We are determined to ensure that we have an immigration system that continues to encourage the brightest and the best, and to ensure that all our sectors are able to flourish and thrive. However, I am not going to predict the outcome, or what we will be doing once we leave the European Union, after those negotiations.
(7 years, 5 months ago)
Commons ChamberI beg to move an amendment, at the end of the Question to add:
“but respectfully regret that the Gracious Speech fails to end cuts to the police and the fire service; commend the response of the emergency services to the recent terrorist attacks and to the Grenfell Tower fire; call on the Government to recruit more police officers and fire-fighters; and further call on the Government to end the public sector pay cap and give the emergency and public services a fair pay rise.”.
On occasion, much of what we do and say in the Chamber must seem to ordinary members of the public looking on like something approaching an elaborate game, but the Opposition believe that the amendment goes to the heart of public concerns. We wish to commend the response of the emergency services to the recent terrorist attacks and to the Grenfell Tower fire; we wish to call on the Government to recruit more police officers and firefighters; but above all, we call on the Government to end the public sector pay cap and give emergency and public service workers a fair pay rise.
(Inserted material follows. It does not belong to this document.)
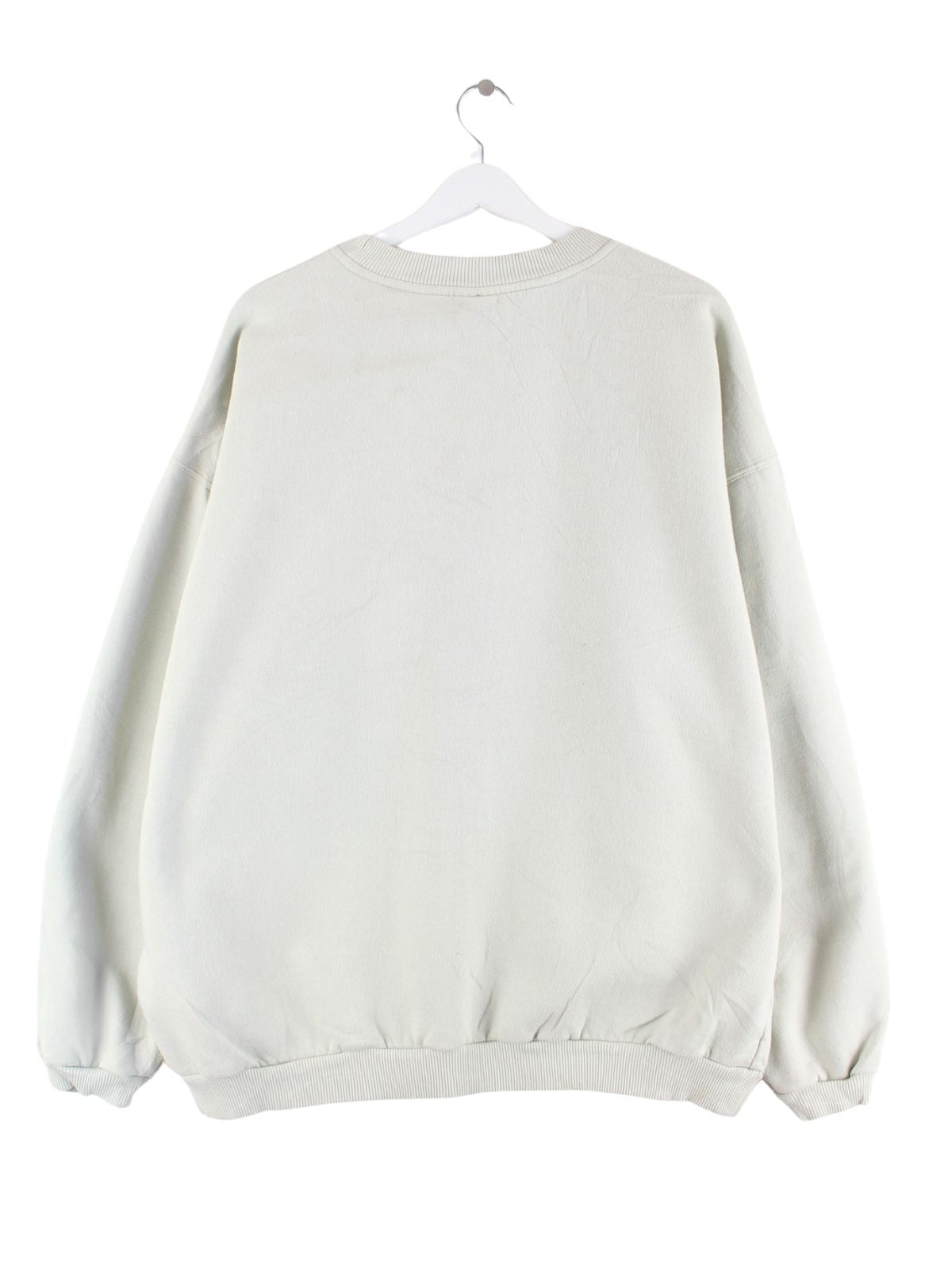 Sweater vom Label Nike mit gestickten Motiven in Größe XXL aus den 90'ern. Er ist aus einer Baumwollmischung gefertigt und in Grau bei uns vorrätig.

As we have seen in recent months, in times of national and personal crisis, it is to public sector workers that the country looks.
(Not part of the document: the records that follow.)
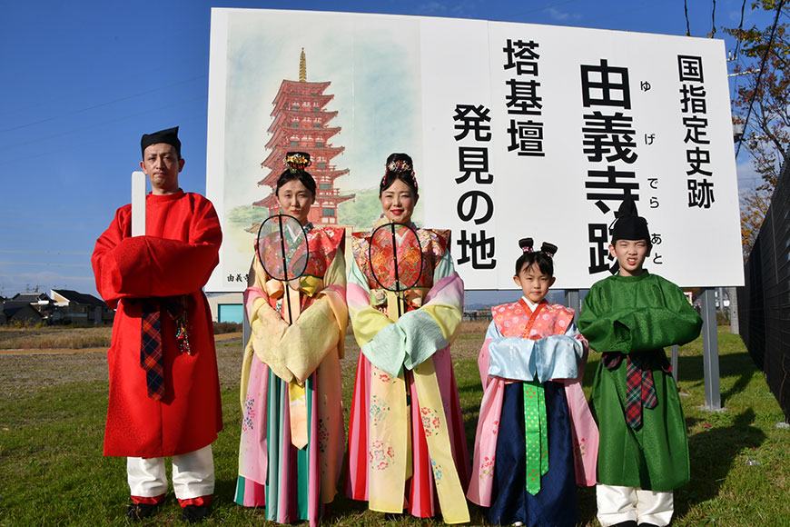 During the Nara period(710-784), when Buddhist art such as Todaiji Temple and culture from Tang flourished, politics and Buddhism were the closest in Japanese history, and even in Yao, Yuge-dera Temple and Yuge no Miya Palace were created by Empress Shotoku and Dokyo. Was created. There is also a record of male and female aristocrats dressed in colorful costumes holding a Utagaki on the banks of the river along with the emperor's dedication, and its gorgeous appearance can be imagined. We will touch on a part of this international Tenpyo culture and give courses and experiences using costumes from the Nara period that have been restored so that you can think of Yuge no Miya Palace, which was crowded with many people.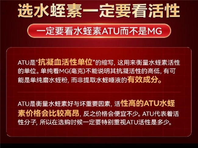 日本医蛭水蛭素:单瓶 12000mg(144000ATU),ATU 为国际活性标准,作用温和且稳定,助力循环平稳运行;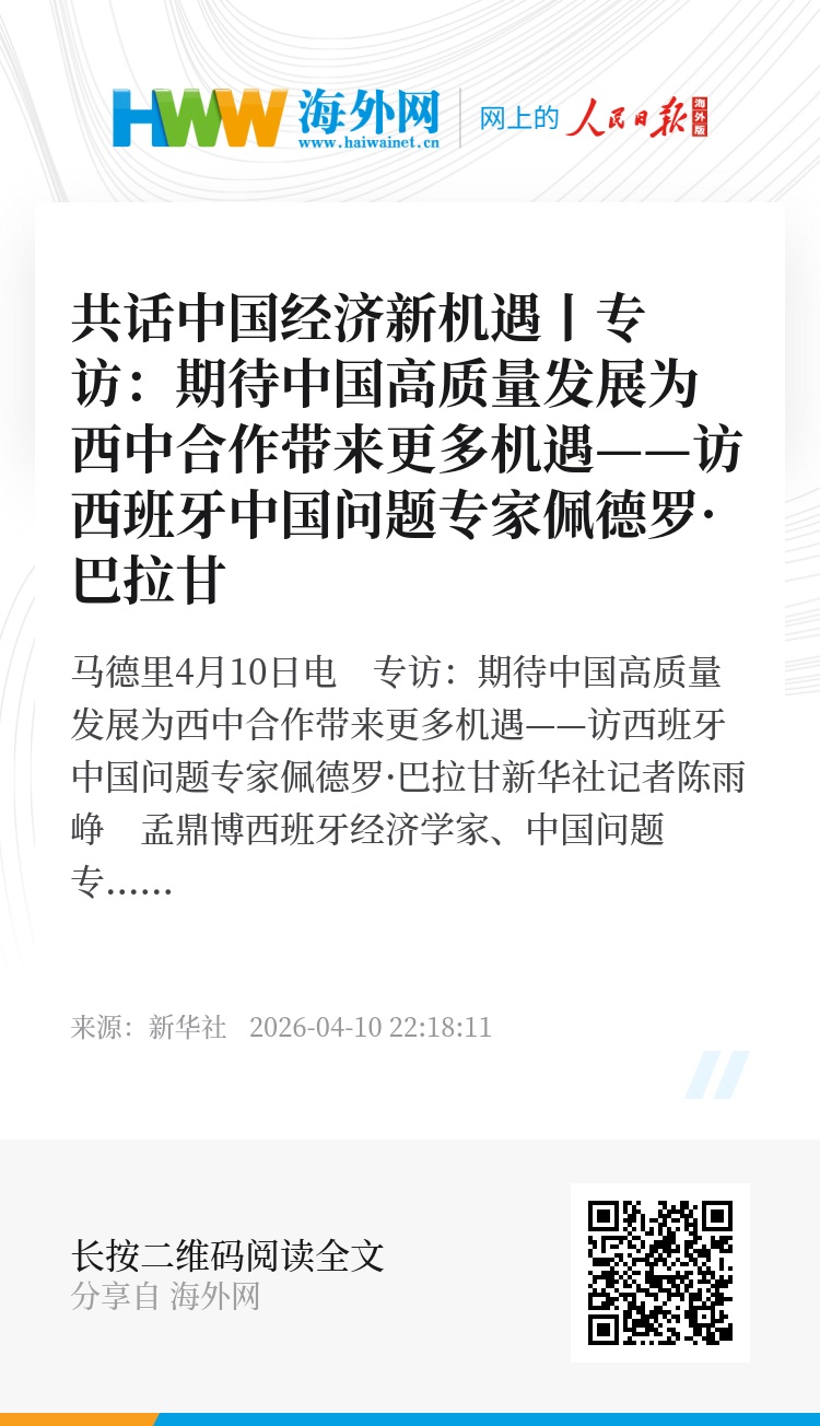 新华社马德里4月10日电 专访:期待中国高质量发展为西中合作带来更多机遇——访西班牙中国问题专家佩德罗·巴拉甘

We have all seen and read about the firefighters who ran towards danger, into the blaze in Grenfell Tower to save lives. Some of us wondered whether we could have summoned up that courage. We all know about the national health service workers who came in off shift to save lives and help the victims of the terror attacks at Westminster, Manchester, London Bridge and Finsbury Park. We know of the gallantry and professionalism of the police and the transport police who responded swiftly to the terror attacks. My mother was a nurse, and I know that the dedication and commitment of our public service workers is above price. It is one thing for hon. Members to praise public service workers for their bravery, heroism and effectiveness at times of national emergency, but we need to treat public service workers fairly every other day of the year. That is what the Opposition think, and increasingly that is what the general public think.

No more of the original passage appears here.